Personal information
- Full name: Oleksandr Andriiovych Zozulia
- Date of birth: 7 March 1960 (age 65)
- Place of birth: Khrustalnyi, Ukrainian SSR, Soviet Union
- Position(s): Midfielder

Team information
- Current team: Kremin-2 Kremenchuk (coach)

Senior career*
- Years: Team / Apps / (Gls)
- 1977: Zaria Voroshilovgrad
- 1978: Sever Murmansk / 11 / (0)
- 1981: Sokil Rovenky / 19 / (4)
- 1982: Stakhanov / 35 / (6)
- 1983: Atlantyka Sevastopol / 34 / (0)
- 1985: Kolos Pavlohrad / 25 / (7)
- 1986: Sudnobudivnyk Mykolaiv / 6 / (0)
- 1986: Luch Krasnyi Luch
- 1986: Nistru Chisinau / 18 / (0)
- 1987: Sudnobudivnyk Mykolaiv / 27 / (0)
- 1988: Baltika Kaliningrad / 25 / (7)
- 1990: Shakhtar Krasnyi Luch / 23 / (14)
- 1992: Hirnyk Hirne / 3 / (0)
- 1992–1994: Koral Krasnyi Luch / 16 / (0)
- 1995–1996: Vodeiar Kremenchuk (futsal) / 2 / (0)
- 1995: Hirnyk-Sport Komsomolsk / 1 / (0)
- 1996–1997: Shakhtar Krasnyi Luch / 16 / (3)

= Oleksandr Zozulia (footballer, born 1960) =

Ukrainian footballer (born 1960)

Oleksandr Zozulia (Олександр Андрійович Зозуля; born 7 March 1960) is a Ukrainian professional football coach and former player who played as a midfielder. He is current coach of a Second League club Kremin-2 Kremenchuk.

==Early life==
Oleksandr Zozulia was born on 7 March 1960 in Khrustalnyi, Ukrainian SSR, Soviet Union.

==Playing career==
Zozulia played for Stakhanov in 1982, Atlantyka Sevastopol in 1983, Kolos Pavlohrad in 1985, Nistru Chișinău in 1986, Sudnobudivnyk Mykolaiv in 1987 and others. In 1996 he won Luhansk Oblast Championship while playing for Shakhtar Krasnyi Luch.

==Coaching career==
Zozulia coached with Atlank Kremenchuk, Kremin Academy and Dnipro Academy.

===Kremenchuk Academy===
When Kremin Kremenchuk was formed again on 23 October 2003, Zozulia became one of the academy coaches.
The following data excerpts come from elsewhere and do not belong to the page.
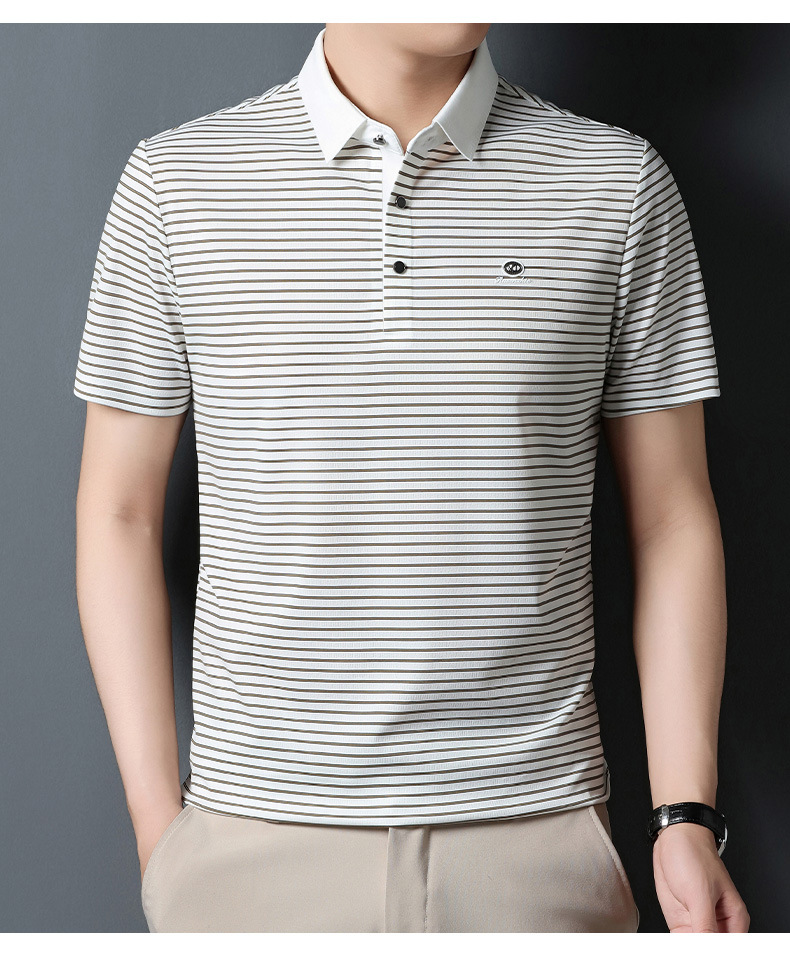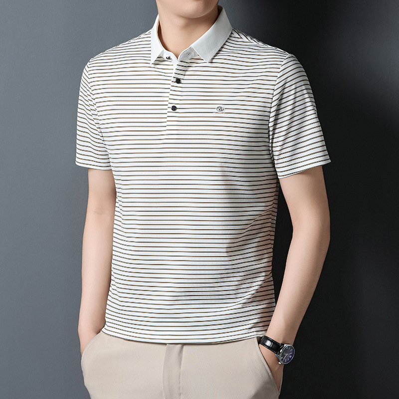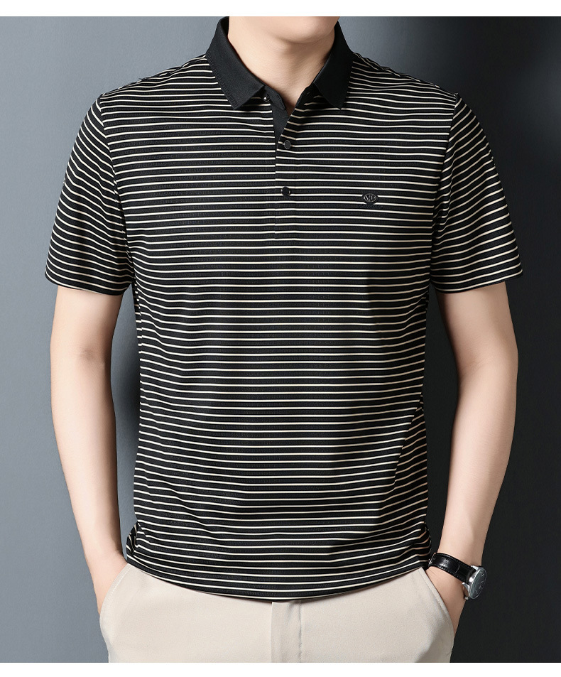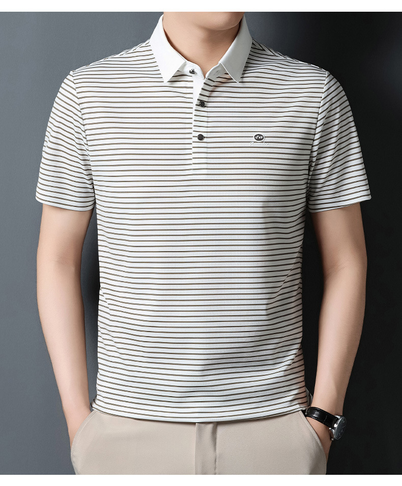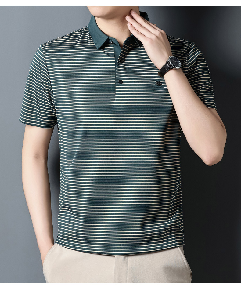 Áo thun cổ bẻ tay ngắn dành cho nam, kiểu dáng thể thao năng động với các đường sọc cách điệu. Sản phẩm có form dáng mặc vừa vặn, thoải mái, phù hợp cho nhiều dịp sinh hoạt hằng ngày. Chất vải co giãn nhẹ, thấm hút mồ hôi tốt giúp người mặc dễ chịu trong thời tiết nóng. Có thể kết hợp linh hoạt với quần shorts, quần jeans hoặc quần âu để tạo nên những phong cách khác nhau. | Tên sản phẩm: Áo Thun Nam Ngắn Tay Kín Cổ Hàng Mùa Hè Phong Cách Trẻ Trung - Thời Trang Nam | Mã sản phẩm: B6620 - Giá: 890.000đ | Mã nhà sản xuất: JIDG-G03Hình ảnh sản phẩm
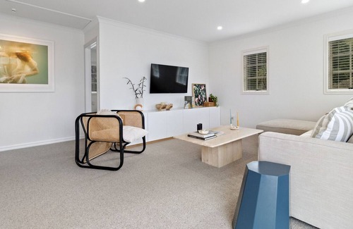 Bright, airy, and inviting, the furnishings at this multi-level holiday home have been carefully curated to create a perfect blend of luxury and practicality throughout. Enjoying fabulous indoor-outdoor flow, head outside to enjoy a freshly brewly morning coffee under the sunlit gazebo, surrounded by beautifully manicured gardens and the hum of birds, bees and rolling waves.
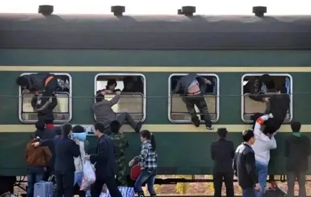 车里通常塞满了人,当火车停在车站轨道,有些着急上车的乘客还要从窗口爬进去。

He began training group of players born in 1992. Andriy Batsula and Artem Kozlov were first players who Zozulia trained.

By May 2017 he returned to Kremin Academy. There he began coaching Academy group Kremin 2006. He continued to coach them until 2022. With Russian invasion of Ukraine some of his players moved to academies in Poland and Slovakia while others who remained in the academy began training with and playing for Kremin Kremenchuk. In October 2021 Zozulia began working with a new group of players born in 2016.

===Dnipro===
Zozulia joined Dnipro Academy in 2010 and was in charge of the U15 team.

===Kremin-2===
Zozulia began working with Kremin-2 Kremenchuk in mid January 2023. On 15 February 2023 Kremin owner appointed Yaroslav Zdyrko to become a manager of the team, Zozulia remained an assistant coach with the team. Most of the players came from the Kremin Academy and were coached by Zozulia from early age.